Kirkus Reviews QR Code
THE SCAVENGER'S DAUGHTER by William G. Thompson

THE SCAVENGER'S DAUGHTER

by William G. Thompson

Pub Date: March 1st, 2012
Publisher: Kurti Publishing

Thompson’s mystery-thriller follows an ex-FBI agent on his torturous mission to discover his lover’s killer.

Jack Sturdevant has a history of insubordination—after 9/11, as an FBI agent, he became disillusioned with the agency’s internal handling of the tragedy, so he leaked classified information to a New York Times reporter. That led to the resignation of the U.S. attorney general and, after the FBI discovered his disloyalty, the end of Sturdevant’s career. Backstory plays too large a role in Thompson’s page-turner, but once the real action gets rolling, it doesn’t let up. Eventually, Sturdevant finds out that his colleague and unrequited love was murdered during an undercover investigation into a barbaric human trafficking ring.
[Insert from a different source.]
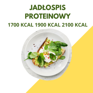 Jadłospis proteinowy. 7 dniowy plan żywieniowy, 4 posiłki dziennie bogate w białko. W jadłospisie znajdziesz posiłki wegetariańskie, ryby i mięso ale w ograniczonej ilości. Białko jako makroskładnik jest odpowiedzialne za sytość- więc możesz być pewna że jedząc zgodnie z tym jadłospisem nie ma mowy o głodzie nawet jeśli wybierzesz redukcyjna kaloryczność. Średnia ilość białka w kaloryczności 1700 kcal to 130g dziennie. Każdy posiłek to minimum 30g białka.

After losing his job with the FBI, Sturdevant had been living a life of leisure as the self-appointed spokesperson of the campaign to end human trafficking, so his lover’s murder during her investigation strikes him doubly deep. Jack bursts out of retirement to use all of his training and skills to avenge the death of the woman he loved—from there, it’s a somewhat unrealistic metamorphosis into a modern day Indiana Jones. Luckily, Thompson succeeds in making Sturdevant worth the emotional investment, so even though the plotline is too extreme at points, Sturdevant’s crusade of vengeance forges a taut connection with readers along for the ride. Sturdevant’s slowly revealed inner psyche exposes readers to the intense agony he feels for the woman he lost, the child he couldn’t save and his core-shaking disenchantment with bureaucracy.

Nerve-wracking with painful twists, but you won’t want to escape.